Accueil / Dossiers / Pathologie rachidienne / Spondylolisthésis chez le sportif

Dossier : Pathologie rachidienne

Spondylolisthésis chez le sportif

Il convient de distinguer plusieurs populations en fonction de la période pubertaire. En effet, en période de croissance pubertaire une spondylolyse évolue fréquemment vers le spondylolisthésis avec habituellement glissement de la vertèbre L5 sur S1, et parfois instabilité douloureuse. Le médecin se trouve devant une alternative : soit arrêt des activités sportives, soit poursuite de cette activité sportive sous la protection d’une orthèse.

Conduite à tenir en fonction de l’âge

Avant le début de la croissance pubertaire, 11 ans chez les filles et 13 ans chez les garçons, l’indication du traitement orthopédique par orthèse repose sur deux facteurs :

  • l’angle lombo-sacré qui doit rester supérieur à 110° (Fig. 8) ;
  • l’existence de douleurs à l’effort, signant l’instabilité de la vertèbre atteinte.

En période de croissance pubertaire, le risque évolutif du glissement est majeur. Deux stratégies sont possibles : soit l’arrêt du sport, soit la poursuite du sport avec protection systématique par orthèse deux heures après la pratique du sport et la nuit.
Cette seconde option permet le maintien d’une musculature qui est un élément fondamental de la stabilité à l’âge adulte. Tous les enfants traités selon ce protocole ont pu poursuivre le sport et nous n’avons pas constaté d’aggravation du spondylolisthésis.
Chez le grand adolescent ou à l’âge adulte, il est recommandé :

  • un traitement par rééducation pour maintien d’une musculature de protection ;
  • le port d’une orthèse après les activités sportives intenses ;
  • une contre-indication sportive des sports de contact, des sports de saut, des sports à risque de chute en cas d’atteinte neurologique.

Figure 8 – Angle lombo-sacré supérieur à 110°.

Contre-indication professionnelle

L’existence d’une spondylolyse contre-indique certaines professions qui sont répertoriées dans les tableaux 98 et 99 des maladies professionnelles, notamment le professorat d’éducation physique, et des métiers à risque, comme infirmières.
Lorsque cela est possible, nous conseillons un métier en position assise. Il s’agit d’un problème médico-social important car la spondylolyse sans instabilité avec une musculature conservée présente peu de risque réel, en particulier si le traitement rééducatif ou orthopédique est observé. En tout état de cause, il vaut mieux aborder la recherche d’un emploi avec une bonne musculature que d’interdire toute pratique sportive.

Bénéfices physiques et psychologiques de l’activité sportive

La spondylolyse est extrêmement fréquente chez les sportifs de haut niveau, comme les trapézistes par exemple. Le maintien d’une musculature antérieure et postérieure d’une excellente qualité permet de protéger du risque d’instabilité.
C’est l’arrêt de l’activité physique qui entraîne un handicap psychique et physique et non l’inverse. Le rôle du médecin est d’aider l’adolescent et de s’adapter à la pratique du sport.
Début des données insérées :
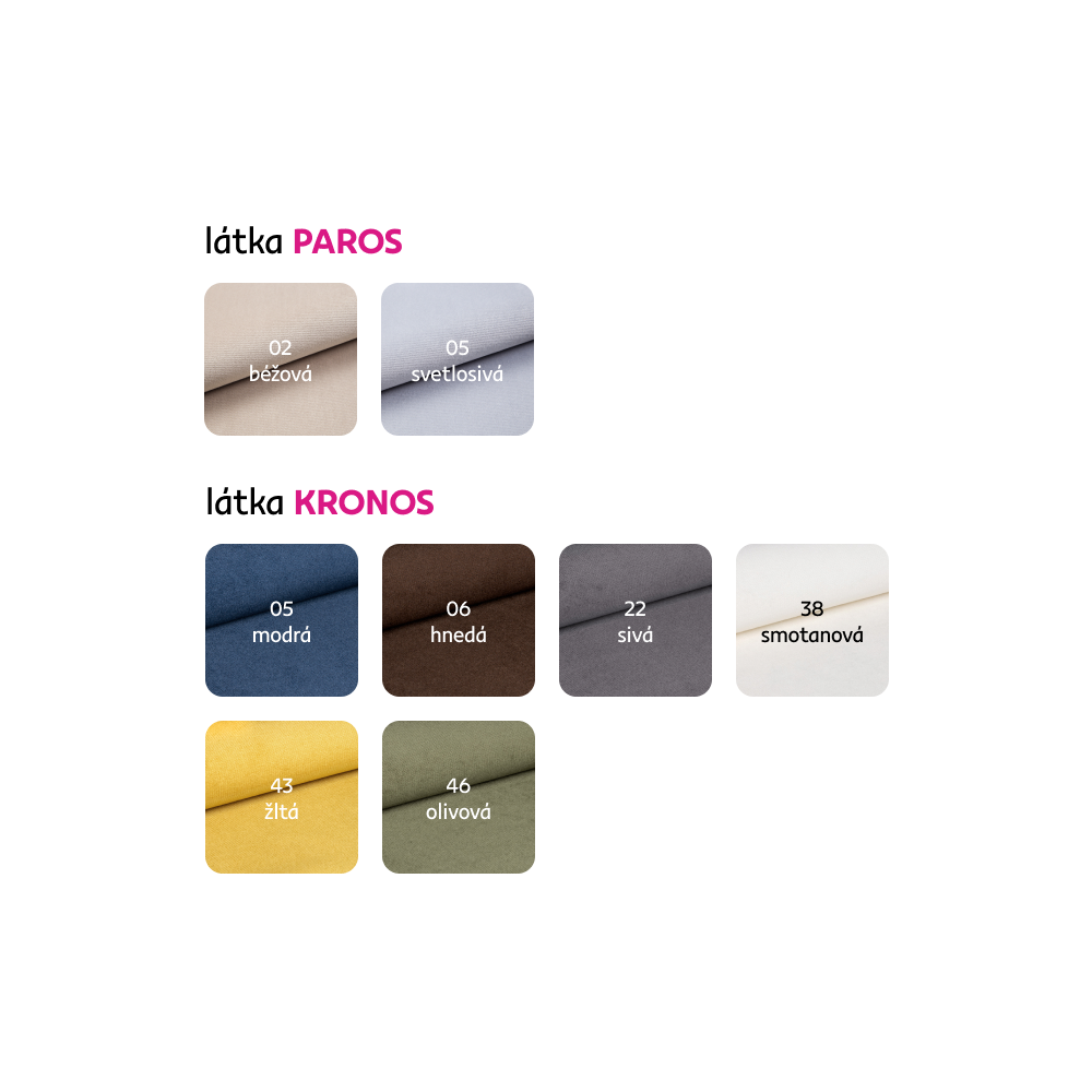 Ponúkame vám možnosť vybrať si zo 6 farebných prevedení látky Kronos alebo z 2 farebných prevedení látky Paros za cenu 985 Eur. Pri individuálnej objednávke je potrebné zaplatiť 20% zálohu z danej sumy. Po uhradení zálohy bude Vaša požiadavka zadaná do výroby. Dodacia lehota 6-8 týždňov.

Les risques de déstabilisation chez le sportif

Les risques de déstabilisation du rachis sont minimes pendant la pratique du sport, du fait de la stabilité active de la musculature. Certains sports très contraignants pour le rachis peuvent être réalisés avec une orthèse de maintien. C’est le cas de l’équitation, du ski, du tennis ou du golf. En effet, l’évolution des technologies ortho-prothétique permet d’avoir des orthèses en polyéthylène de 3 mm qui rendent la pratique de nombreux sports sans risque. Il est toutefois conseillé d’éviter les sport de sauts de plus de 50 cm, c’est-à-dire sauts en hauteur et en longueur, ainsi que le tremplin à ski, par exemple.
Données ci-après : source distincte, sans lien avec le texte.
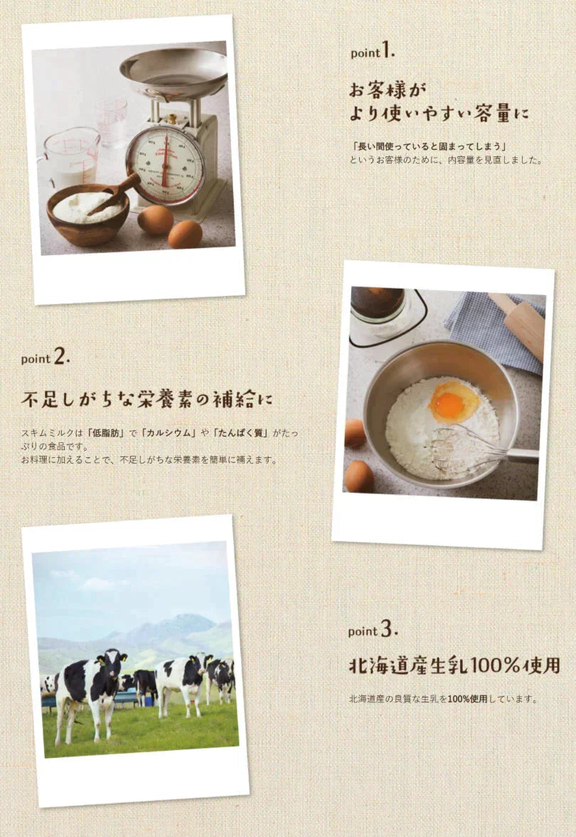また、スキムミルク10gを、90mlの水またはぬるま湯で溶くと、約100mlの無脂肪牛乳と同程度の濃さになりますので、無脂肪牛乳の代わりとしてお召し上がりいただけます。
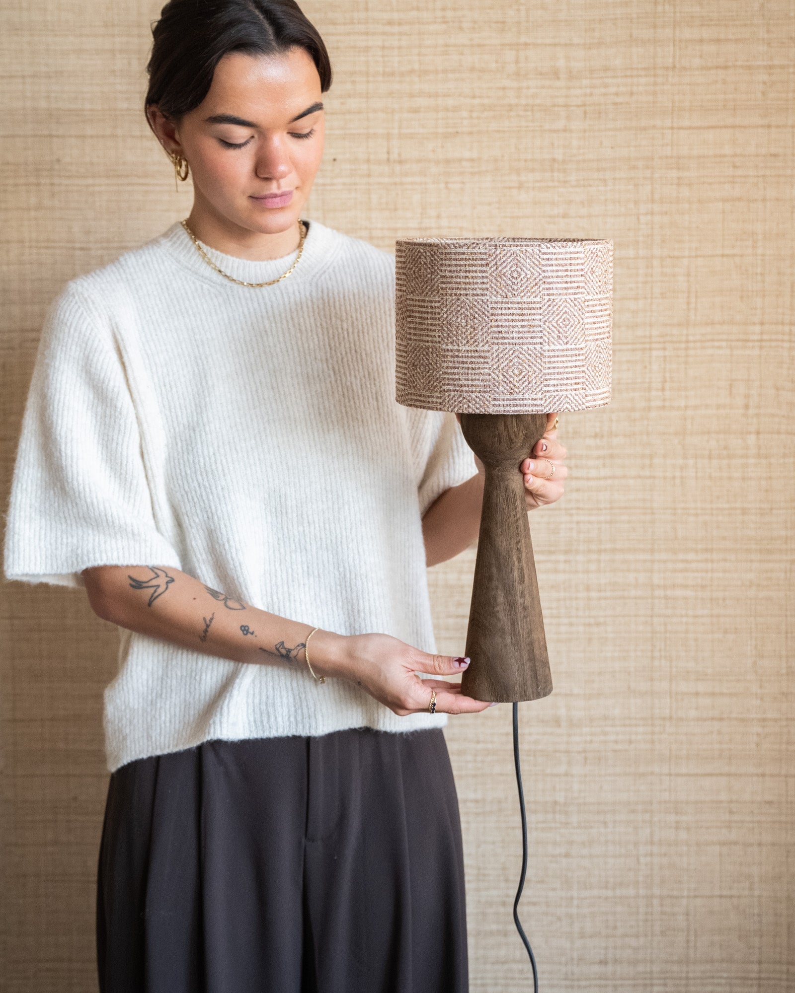 Die Festina Ravi Tischleuchte in Braun ist eine elegante Tischleuchte mit einem schlanken Holzfuß in warmem Braunton und einem Stoffschirm mit grafischem Muster. Die Kombination aus Holz und Stoff erzeugt eine stimmungsvolle Beleuchtung und eine natürliche, warme Atmosphäre im Wohnzimmer, Schlafzimmer oder Flur. Sie eignet sich perfekt als dekorative Tischleuchte auf Kommode, Nachttisch oder Beistelltisch in japanischen, modernen oder warmen, minimalistischen Interieurs.

Quelle pratique sportive chez l’enfant ?

La pratique de tous les sports est possible. Lorsqu’il existe une hyperlordose, on modifiera le geste technique avec, par exemple, course en cycle postérieur (le tronc légèrement penché en avant) et en évitant les ponts arrière en gymnastique. Lorsque la morphostatique est normale, sans hyperlordose, la course sera autorisée en cycle antérieur.
Tous les sports en extension (basket, volley-ball) qui favorisent la trophicité musculaire et l’équilibre proprioceptif du rachis sont donc favorables.